----- Record extracts

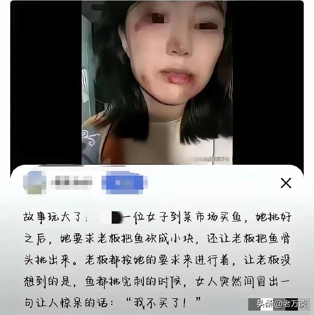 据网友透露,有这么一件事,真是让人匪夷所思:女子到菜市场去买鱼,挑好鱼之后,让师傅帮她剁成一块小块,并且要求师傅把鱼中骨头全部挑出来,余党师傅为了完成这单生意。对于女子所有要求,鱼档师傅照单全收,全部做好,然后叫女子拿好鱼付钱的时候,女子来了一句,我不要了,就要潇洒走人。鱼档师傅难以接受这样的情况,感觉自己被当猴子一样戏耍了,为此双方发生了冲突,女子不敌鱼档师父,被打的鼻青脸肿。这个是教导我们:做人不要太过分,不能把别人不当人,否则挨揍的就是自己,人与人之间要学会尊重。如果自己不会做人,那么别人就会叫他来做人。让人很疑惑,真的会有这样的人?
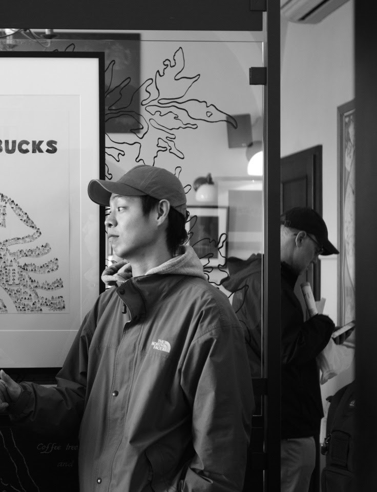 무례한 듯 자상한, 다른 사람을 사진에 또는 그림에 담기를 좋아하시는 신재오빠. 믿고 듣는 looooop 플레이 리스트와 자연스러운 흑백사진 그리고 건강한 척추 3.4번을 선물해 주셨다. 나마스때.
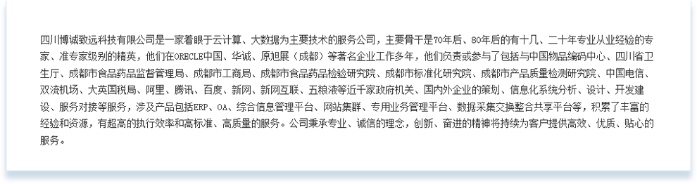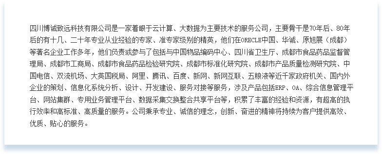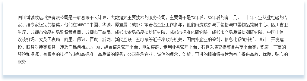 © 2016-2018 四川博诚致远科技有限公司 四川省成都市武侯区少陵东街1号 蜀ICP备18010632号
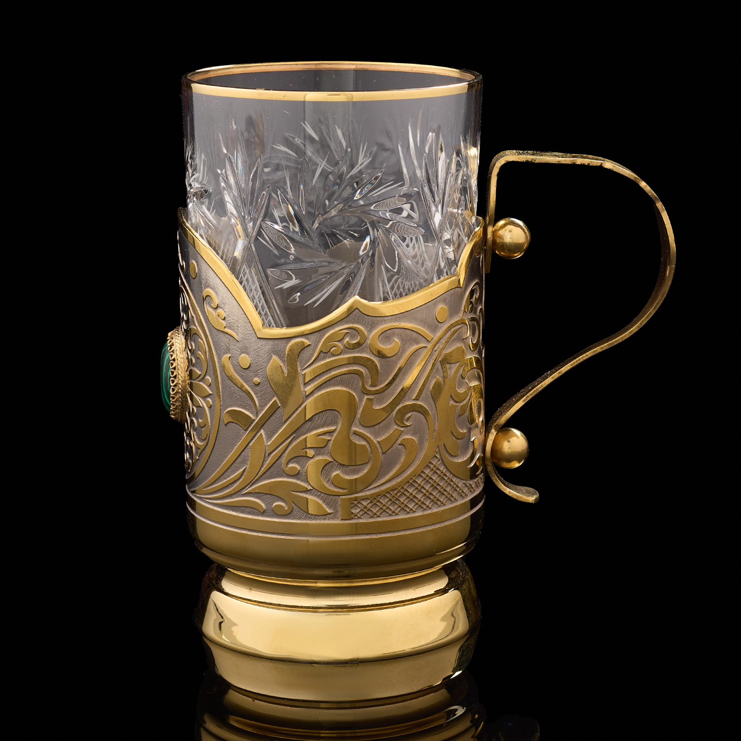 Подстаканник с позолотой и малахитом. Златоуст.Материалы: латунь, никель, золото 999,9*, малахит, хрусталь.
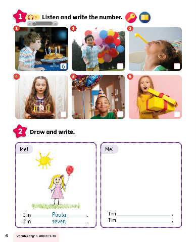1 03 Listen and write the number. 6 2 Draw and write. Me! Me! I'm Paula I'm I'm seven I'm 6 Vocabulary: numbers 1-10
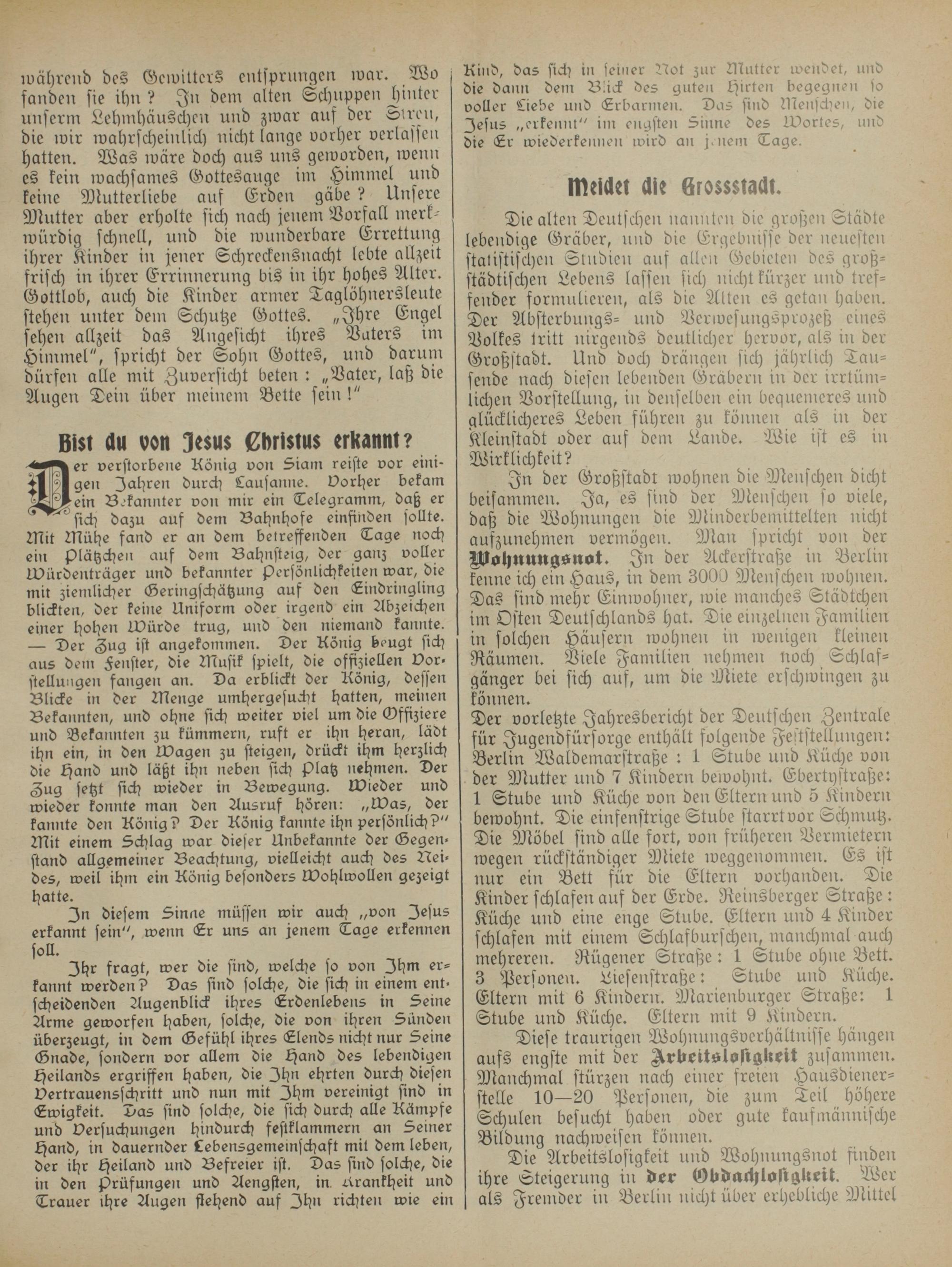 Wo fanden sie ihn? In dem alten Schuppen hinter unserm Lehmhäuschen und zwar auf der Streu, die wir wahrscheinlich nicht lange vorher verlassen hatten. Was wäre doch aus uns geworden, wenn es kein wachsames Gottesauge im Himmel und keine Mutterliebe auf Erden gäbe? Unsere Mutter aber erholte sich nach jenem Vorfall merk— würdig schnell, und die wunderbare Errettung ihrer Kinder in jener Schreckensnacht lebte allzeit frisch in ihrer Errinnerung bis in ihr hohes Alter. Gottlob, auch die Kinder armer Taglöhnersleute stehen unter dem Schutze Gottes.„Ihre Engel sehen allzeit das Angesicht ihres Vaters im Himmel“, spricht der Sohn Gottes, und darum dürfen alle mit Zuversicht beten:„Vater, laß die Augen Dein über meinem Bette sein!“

----------

Aim of the task:
Would you reproduce the listing above in full and exactly, without its pictures?

Reply:
 据网友透露,有这么一件事,真是让人匪夷所思:女子到菜市场去买鱼,挑好鱼之后,让师傅帮她剁成一块小块,并且要求师傅把鱼中骨头全部挑出来,余党师傅为了完成这单生意。对于女子所有要求,鱼档师傅照单全收,全部做好,然后叫女子拿好鱼付钱的时候,女子来了一句,我不要了,就要潇洒走人。鱼档师傅难以接受这样的情况,感觉自己被当猴子一样戏耍了,为此双方发生了冲突,女子不敌鱼档师父,被打的鼻青脸肿。这个是教导我们:做人不要太过分,不能把别人不当人,否则挨揍的就是自己,人与人之间要学会尊重。如果自己不会做人,那么别人就会叫他来做人。让人很疑惑,真的会有这样的人?
 무례한 듯 자상한, 다른 사람을 사진에 또는 그림에 담기를 좋아하시는 신재오빠. 믿고 듣는 looooop 플레이 리스트와 자연스러운 흑백사진 그리고 건강한 척추 3.4번을 선물해 주셨다. 나마스때.
 © 2016-2018 四川博诚致远科技有限公司 四川省成都市武侯区少陵东街1号 蜀ICP备18010632号
 Подстаканник с позолотой и малахитом. Златоуст.Материалы: латунь, никель, золото 999,9*, малахит, хрусталь.
1 03 Listen and write the number. 6 2 Draw and write. Me! Me! I'm Paula I'm I'm seven I'm 6 Vocabulary: numbers 1-10
 Wo fanden sie ihn? In dem alten Schuppen hinter unserm Lehmhäuschen und zwar auf der Streu, die wir wahrscheinlich nicht lange vorher verlassen hatten. Was wäre doch aus uns geworden, wenn es kein wachsames Gottesauge im Himmel und keine Mutterliebe auf Erden gäbe? Unsere Mutter aber erholte sich nach jenem Vorfall merk— würdig schnell, und die wunderbare Errettung ihrer Kinder in jener Schreckensnacht lebte allzeit frisch in ihrer Errinnerung bis in ihr hohes Alter. Gottlob, auch die Kinder armer Taglöhnersleute stehen unter dem Schutze Gottes.„Ihre Engel sehen allzeit das Angesicht ihres Vaters im Himmel“, spricht der Sohn Gottes, und darum dürfen alle mit Zuversicht beten:„Vater, laß die Augen Dein über meinem Bette sein!“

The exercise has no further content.